▶ [TASK]:
In the data below, find the line containing "Чайник электрический Galaxy" and the line containing "Luo Sandy shouts", then reproduce them and every line between, exactly. Omit pictures.

Source records
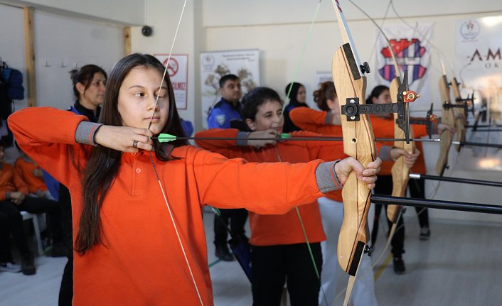 Amasya Spor Salonu'ndaki kursa katılan 15 çocuğa antrenörler Çocuk ve Gençler Sosyal Koruma Destek Programı (ÇOGEP) kapsamında yaklaşık 2,5 ay süreyle okçuluk öğretildi.
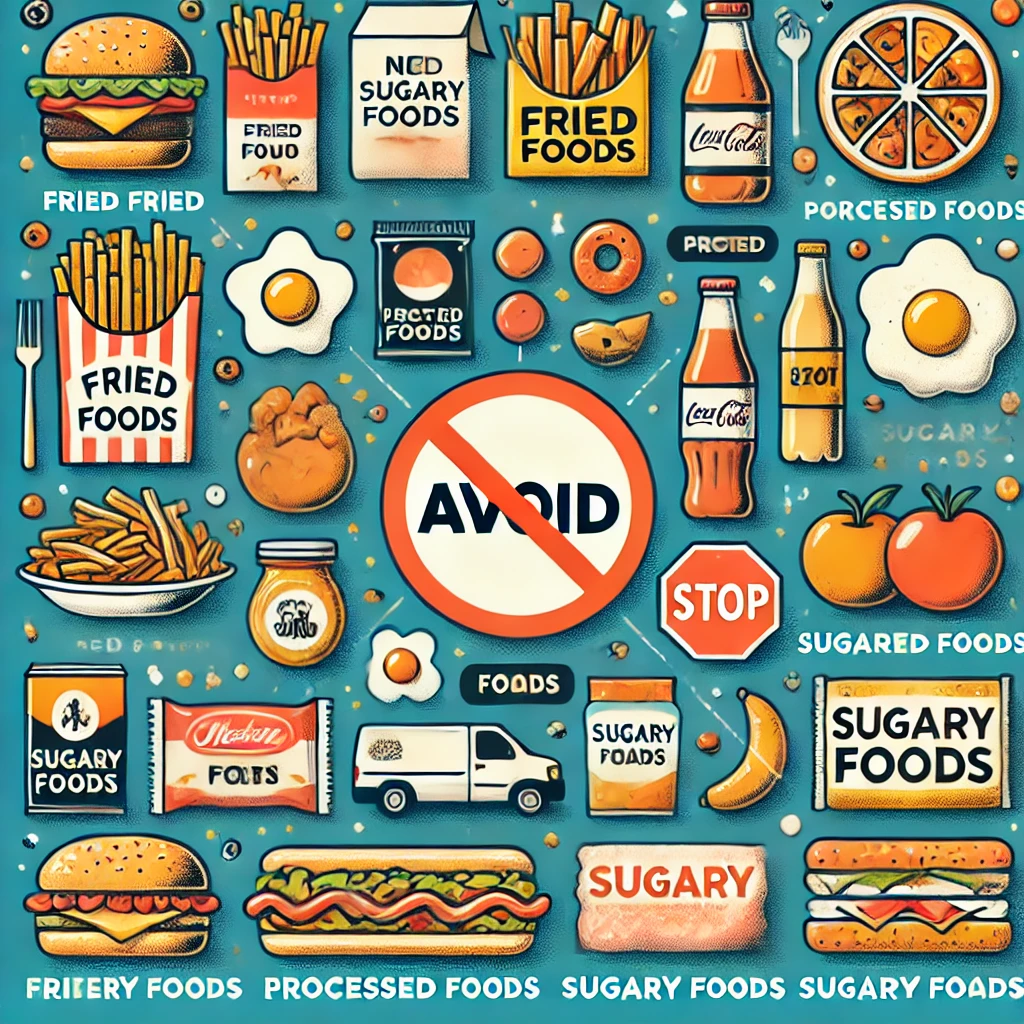 🚫 튀긴 음식, 가공식품, 단 음식, 짠 음식
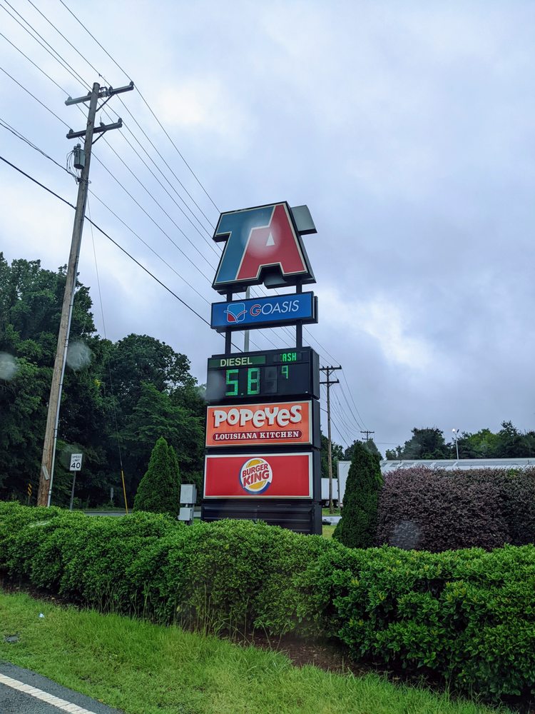 Very difficult to access currently due to construction out front. Inside is your typical truck stop interior. Staff is mediocre on the hospitality level. It's a gas station. If you don't like this one there are many many more to choose from alongside the interstate. They are a dime a dozen!
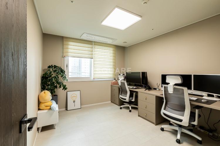 아늑한 침실입니다. 화이트 벽지와 그레이톤 마루. 심플한 컬러감으로 완성된 침실.
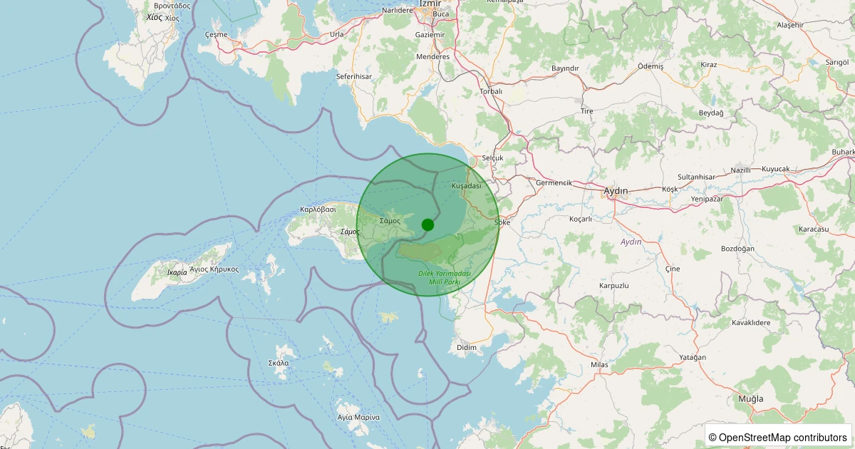 Son 7 gün içinde KUSADASI noktasından 100 km yarıçap içerisinde meydana gelen diğer depremler:
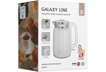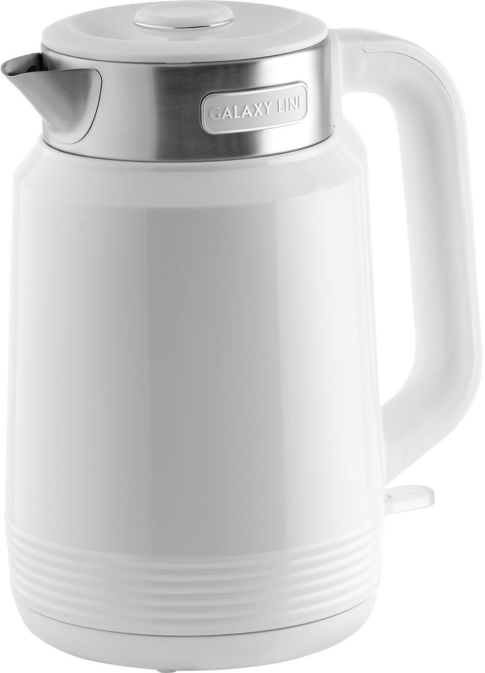 Чайник электрический Galaxy LINE GL 0364, белый, пластик, двойная стенка из нержавеющей стали AISI 304 и пищевого пластика, 2200 Вт, 1,7 л, LED индикатор работы, STRIX контроллер
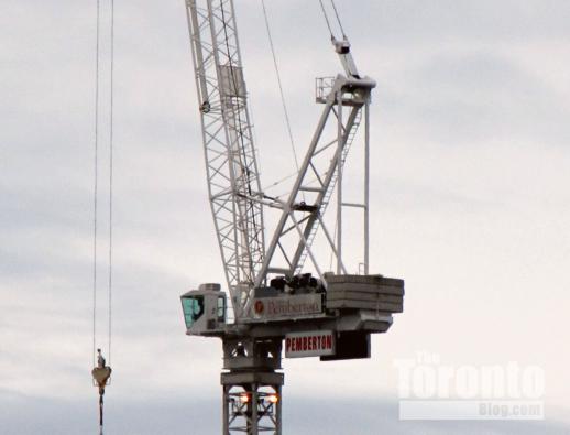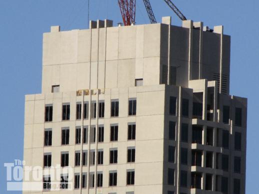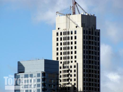 February 18 2011: Simcoe Street view of the cranes atop the PwC office tower
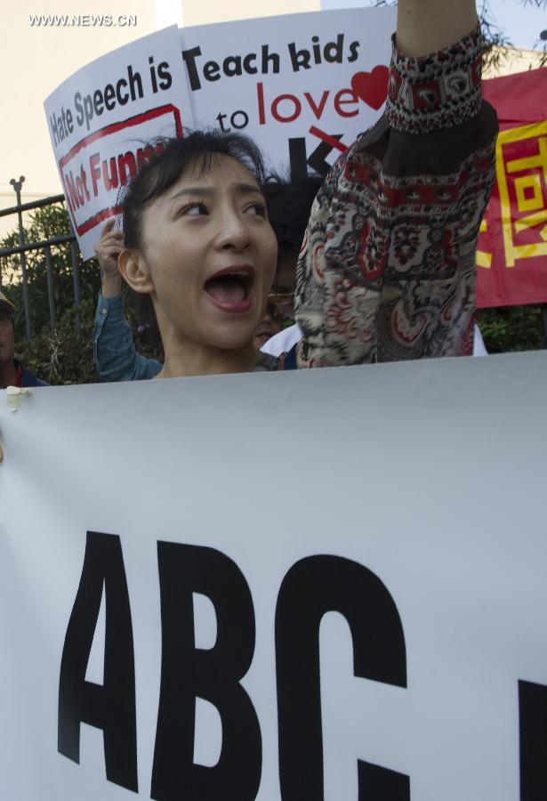 Luo Sandy shouts slogans during a rally in front of the headquarters of the American Broadcasting Company (ABC) to protest against its rhetoric of racial discrimination in Burbank, California, the United States, Nov. 9, 2013. [Xinhua] |
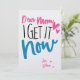 Kära Mamma, jag hämtar det nu, Anpassningsbar Mors dag Card. Cute Funny och UNique-kort för mamma. Personlig Mors dag Card med lustigt ljud, Slogan "Bästa Mamma, jag får det nu", brev skriver ut design på rosa med vackra hjärtan rosa och blå grafik. Fin kombination av rosa och blått färg. Du kan anpassa med ditt namn och meddelande eller egna namn på kortets framsida eller baksida. Utskrivbart kort eller elektroniskt laddningsbart kort. Snabbhämtning. Ha ett ge mamma-kort för roligt eller inbjudningskort för alla andra händelser och dagar.
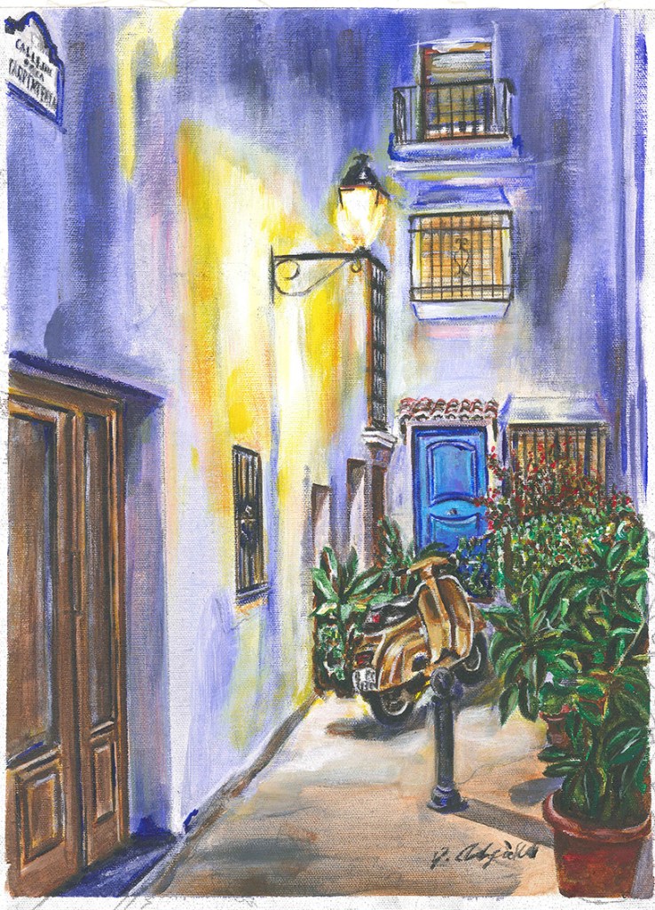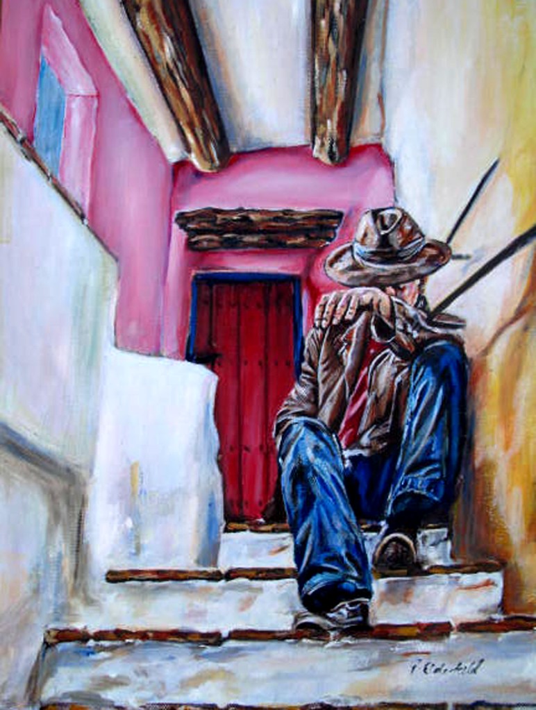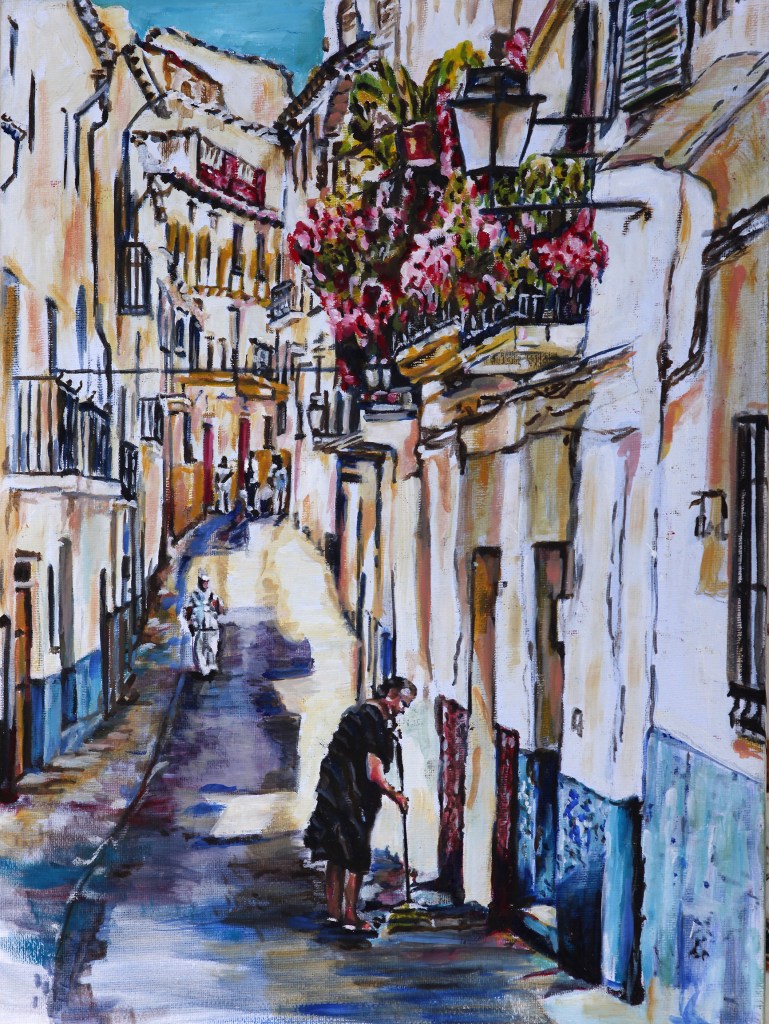 I have been resident in Spain since 2010, in Alhama de Granada, an historical picturesque town in Granada province. The works I create here from my studio are primarily based on the local surrounding areas and characters that inhabit them.

▶ [EXPECTED OUTPUT]:
 Чайник электрический Galaxy LINE GL 0364, белый, пластик, двойная стенка из нержавеющей стали AISI 304 и пищевого пластика, 2200 Вт, 1,7 л, LED индикатор работы, STRIX контроллер
 February 18 2011: Simcoe Street view of the cranes atop the PwC office tower
 Luo Sandy shouts slogans during a rally in front of the headquarters of the American Broadcasting Company (ABC) to protest against its rhetoric of racial discrimination in Burbank, California, the United States, Nov. 9, 2013. [Xinhua] |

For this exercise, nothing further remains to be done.